Because the documents are stored in a database, you can create applications 
that use the content in those documents for whatever purpose you need. You can 
also use the database backup and restore features to easily back up the content 
in the database.

WebDAV is pretty useless when it comes to browsing directory URIs than contain 
too many documents and/or subdirectories, but I have been operating on the 
assumption that by organizing a large set of XML documents in a hierarchical 
directory URI structure that I can limit the number of documents and 
subdirectories that are accessible via the Data Source Explorer in oXygen’s 
WebDAV client (and other WebDAV clients as well).
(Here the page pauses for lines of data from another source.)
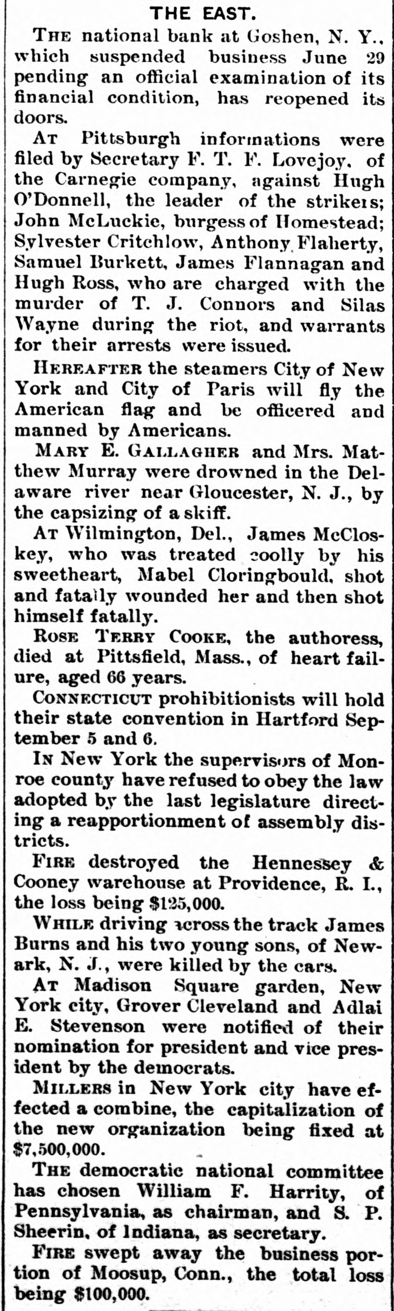 CASHIER MURRAY MISSING. 4 BAD STATE OF AFFAIRS IN THE GOSHEN NATIONAL BANK. Saturday's Run Followed Yesterday by the Announcement of the Bank's Suspension -Murray was also County Treasurer. GOSHEN. June 27.-The Goshen National Bank failed to open its doors for business at the usual hour this morning. The following notice was appended on its doors: By order of the Board of Directors of the National Bank, pending an examination of the books, securities. and accounts by the bank examiners, this bank will be closed. The directors desire to say to the depositors and the public that a somewhat hasty examination has been made by them. and nothing has been discovered which renders doubtful speedy payment in full to all the depositors. and it is now expected that the bank will be open for the regular transaction of business in a few days." William M. Murray. the cashier of the bank. is missing. and is said to be in New York. At a special meeting of the directors held on Thursday it was discovered that the bank had been making loans to Mr. Murray and others on insufficient securites, and that its finances were in a very confused and unsatisfactory condition. At another meeting of the directors held on Saturday it was decided that the institution be closed pending an official investigation of its affairs. Bank Examiner E. M. Gettman arrived this morning and began the investigation. Cashier Murray is n son of the late Congressman William Murray. a former President of the bank. Murray is also Treasurer of Orange county. His friends say he has acted strangely of iate. and they believe that his mind is affected. He returned from New York last night. but left again this morning. and his present whereabouts are unknown. It is said that before leaving home this morning he filed his resignation of the post of County Treasurer. All sorts of rumors are current concerning the actual condition of the bank. It is generally reported that there is a shortage of from $50,000 to $60.000. The capital stock of the bank is $110.000. and its surplus about $22,000. The surplus is believed to have been sunk and the capital seriously impaired. The directors are wealthy men. so it is believed that the impairment of the capital will be made good and the bank resume business. The funds of the county in Trensurer Murray's hands are believed to be intact. It is said here that Cashier Murray and his family have been living extravgantly for some years past, and that his expenses have considerably exceeded his income. He recently built a house at a cost of $15,000. and fitted it with expensive furniture. This and other extravagances are mentioned as accounting in a large degree for his present financial troubles. Cashier Murray was out of town several days last week.and his absence caused alarm among depositors when it became known. This feeling of distrust increased until Saturday. when there was a small-sized run on the bank. Over $30,000 were withdrawn during the latter hours of the day. The Hon. Henry Bacon. counsel for the bank. hastened home from Washington when he heard of Murray's disappearance, and took charge of affairs. He foresaw that it would be impracticable to stand a second day's run like that of Saturday, and upon his advice it was decided to announce the temporary suspension of business. The last report of the bank was made on May 17. The resources were then placed at $446,938. including $110,000 capital stock. $22,000 surplus. $10.711 undivided profits, and $254,314 individual profits. Mr. Bacon said to-day that he was of the opinion that the surplus and undivided profits would be wiped out of existence. and it was possible an assessment on stock might be necessary to clear up the deficiency. He thought $40,000 would be a high estimate. This shortage. he did not think. was due to anything the cashier had done. but rather
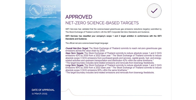 ตลาดหลักทรัพย์ฯ ได้รับการรับรองการตั้งเป้าหมาย Net Zero 2050 จาก SBTi พร้อมเดินหน้าตามแผนสู้วิกฤตโลกเดือด
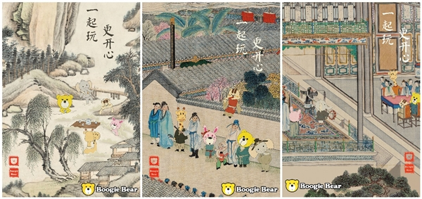 创意思想: 将卜吉熊家族融合到古画中,凸显卜吉熊家族有一定历史,且融合性很好的特点。用古代生活的方式打开卜吉熊的生活,比较创新。
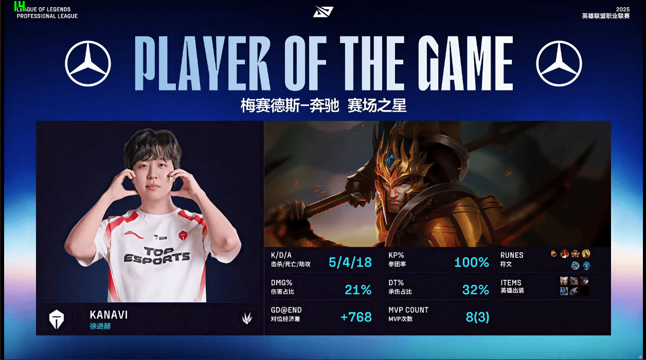 虎撲09月10日訊 在剛剛結(jié)束的TES對陣WBG的BO5比賽中,Kanavi使用皇子打出5/4/18戰(zhàn)績,戰(zhàn)績斬獲陣斬獲TES對陣WBG第二局MVP

It has been extremely valuable for me to use the oXygen WebDAV Data Source 
Explorer to quickly drill down, locate documents, compare the input and output 
of transforms, to debug updated transforms, and when necessary to manually 
correct and save an errant  XML document in the input stream of a CPF pipeline. 
 This functionality is not simply available in CQ.  However, I was recently 
informed that even if directory structures are organized hierarchically, that 
WebDAV clients still cause the server to incur significant performance hits 
when opening a directory in the oXygen or other WebDAV treeview to explore its 
contents.  The risk may be more pronounced on a production system than on a 
development system, but full content sets for evaluation may only be available 
in a production environment.  I haven’t seen any documentation that discusses 
these details and I’m not familiar with the WebDAV API’s for browsing and 
reading directory URIs in MarkLogic, so I would like to go a little deeper and 
try to determine:

1.       How much of a performance hit is incurred and at what point, i.e., 
when there are 1,000 subdirectories and/or document URIs within a given 
directory URI?  Is there a given number at which the performance hit becomes 
negligible so that using a hierarchical directory URI structure is feasible?  
Is there a way to measure that performance for any given WebDAV client?

2.       Can the WebDAV client be tuned to explicitly prevent any significant 
hits to the server, i.e., by limiting threads, timeouts, etc?

3.       The 4.1 documentation refers to  tested WebDAV clients.  I’m surprised 
that list doesn’t include oXygen or some other freeware clients.  I’m assuming 
that by saying that the listed WebDAV clients were tested that they also passed 
some form of acceptance testing.  I’d like to suggest that the list be updated 
to reflect oXygen, EnGinSite DataFreeway, and BitKinex.

4.       Are there protocols in WebDAV that allow for limited directory viewing 
– that is to only request the first N subdirectories and/or documents within a 
given directory URI so as to explicitly limit the load on the server when 
trying to get a directory listing?

My options for replacing the use of oXygen and to avoid performance penalties 
associated with WebDAV are to:

1.       Build my own WebDAV client (if I can limit the directory listings), or

2.       Build an xquery web app that uses optimized queries such as cts:uris 
to drill down into directory URIs with an expandable TreeView to locate 
documents (and as a means of using the oXygen WebDAV-based editor to create the 
URL of the document I want to open and to paste it into the oXygen OpenURL 
feature).

3.       Find existing code that can hopefully be ported  to perform either of 
the above.

Thank you all for any help with this!